On those two matters — expansion of pre-kindergarten programs and granting in-state tuition rates to Tennessee residents who were brought into the United States illegally by their parents — there was a predictable partisan split.

Democrats Karl Dean and Craig Fitzhugh both declared support for both notions while the expanding Tennessee’s pre-kindergarten program statewide while Republicans – Randy Boyd, Beth Harwell and Bill Lee – did not.

All five favored raising teacher pay and strengthening standardized tests (while lamenting problems with the TNReady testing program).

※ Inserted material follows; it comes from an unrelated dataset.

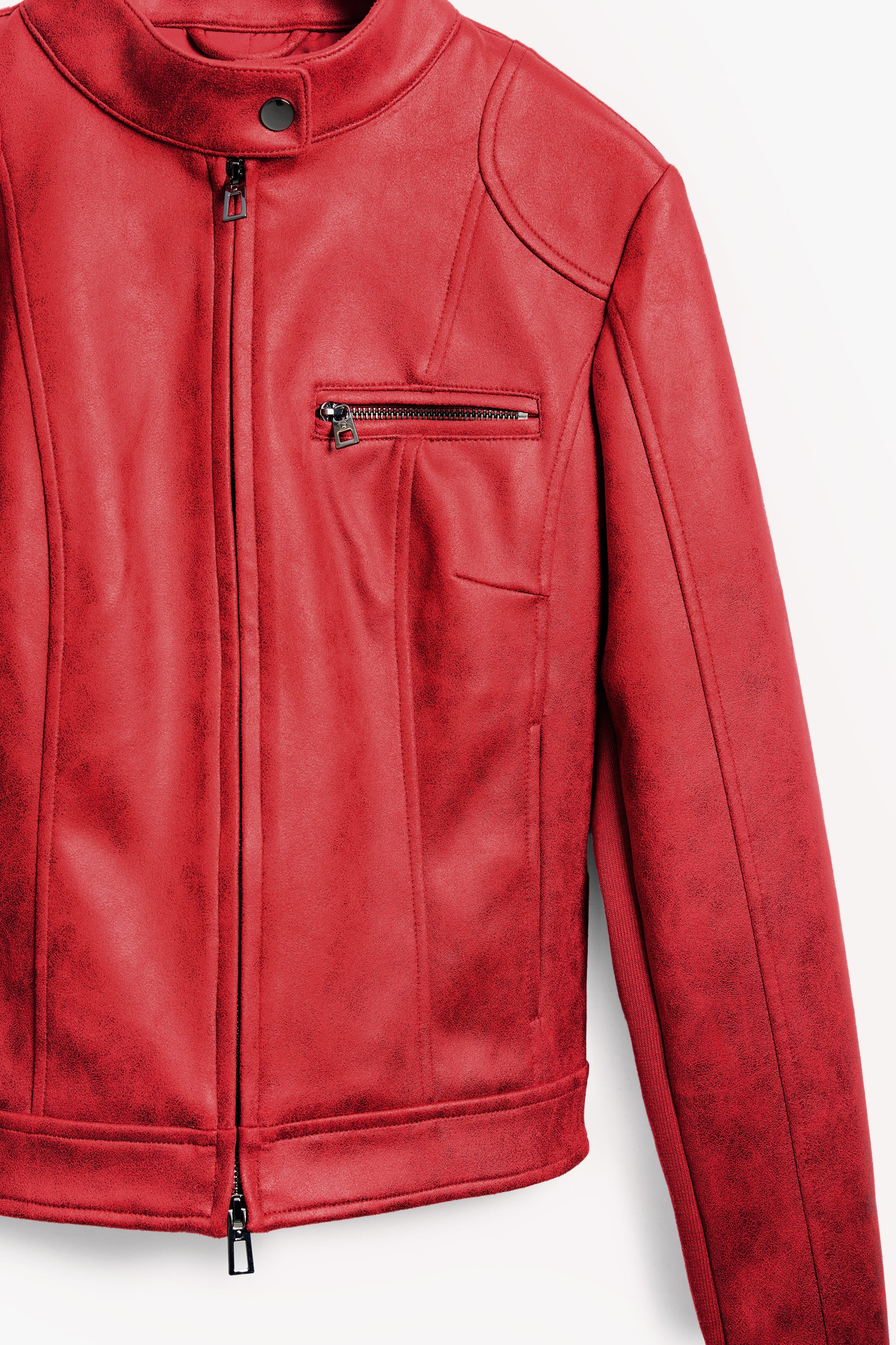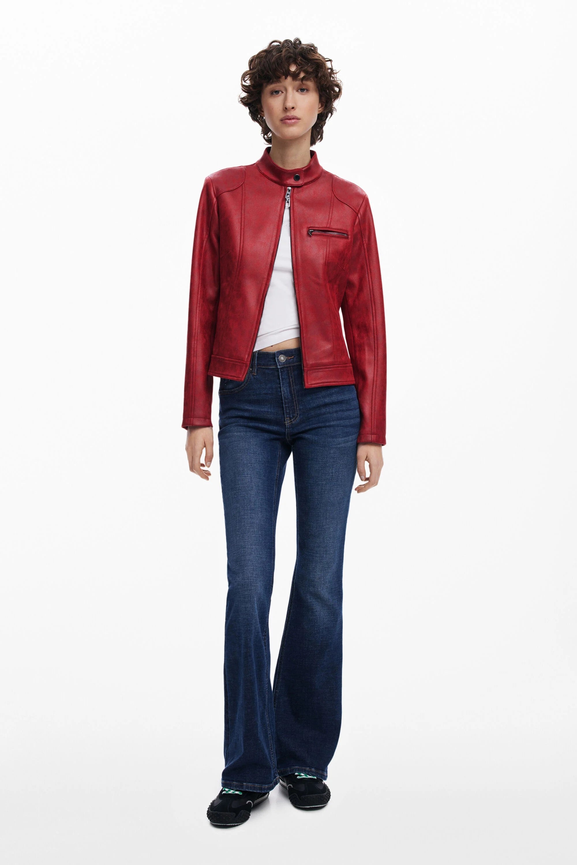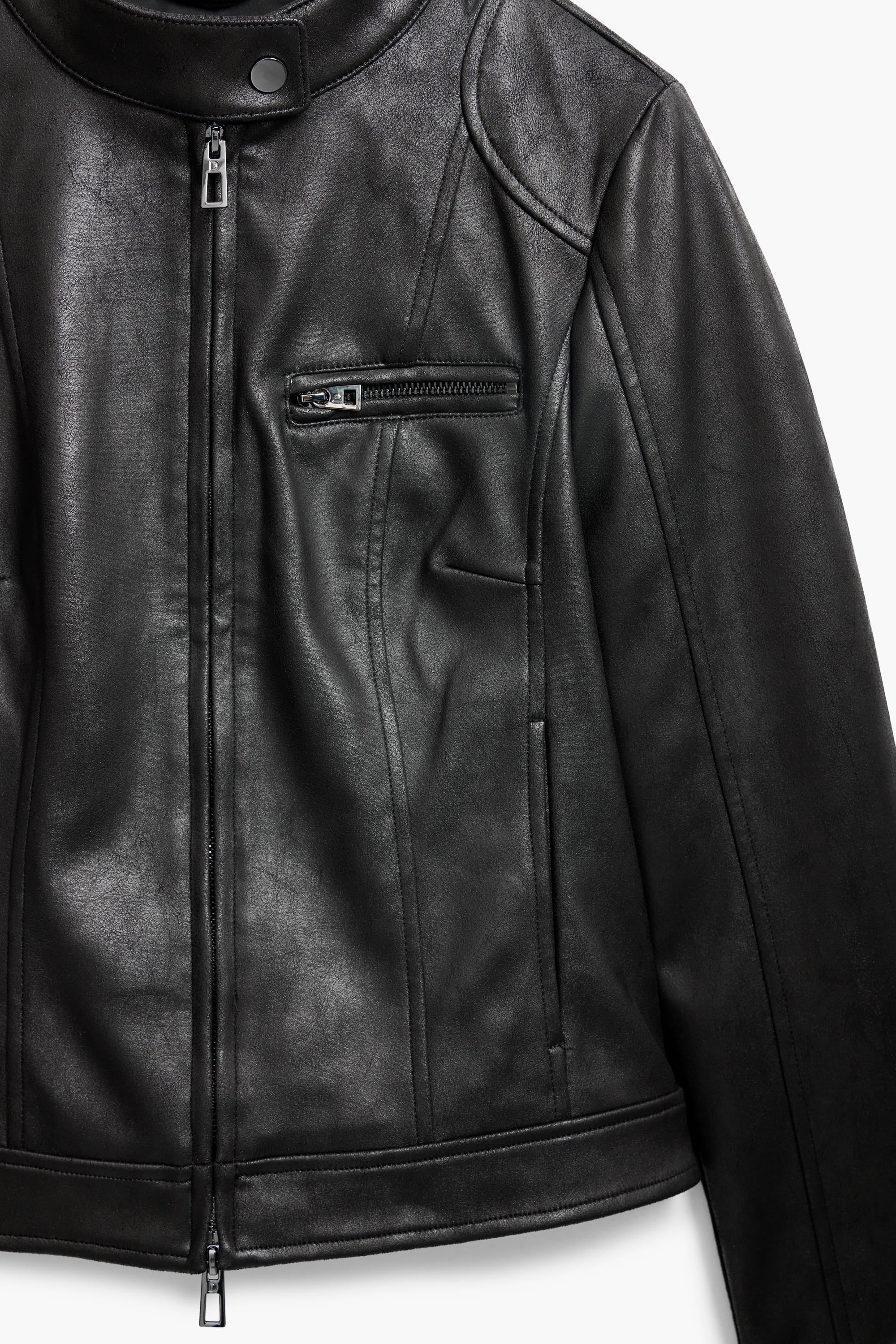 Jacket in worn leather effect, fitted, with mandarin collar, zipper closure, and front pockets.

See also, Chalkbeat Tennessee’s listing of debate highlights, including this note:

Since funding and overseeing public education is one of the biggest jobs of state government, the forum’s moderators said it was fair game to ask the candidates about their own family decisions on attending public schools. Dean and Harwell said they went to public schools but sent their children to private schools. Boyd said he went to public school and opted for public and private schools for his two sons. Lee said his children have experienced a mix of homeschooling and public and private education. Fitzhugh was the only candidate who said that he and all of his children are products of public schools, and that his grandchildren attend public schools as well.

Two invited Republican candidates were absent – former state Sen. Mae Beavers, whose mother’s funeral was Tuesday, and U.S. Rep. Diane Black, who said she had a scheduling conflict.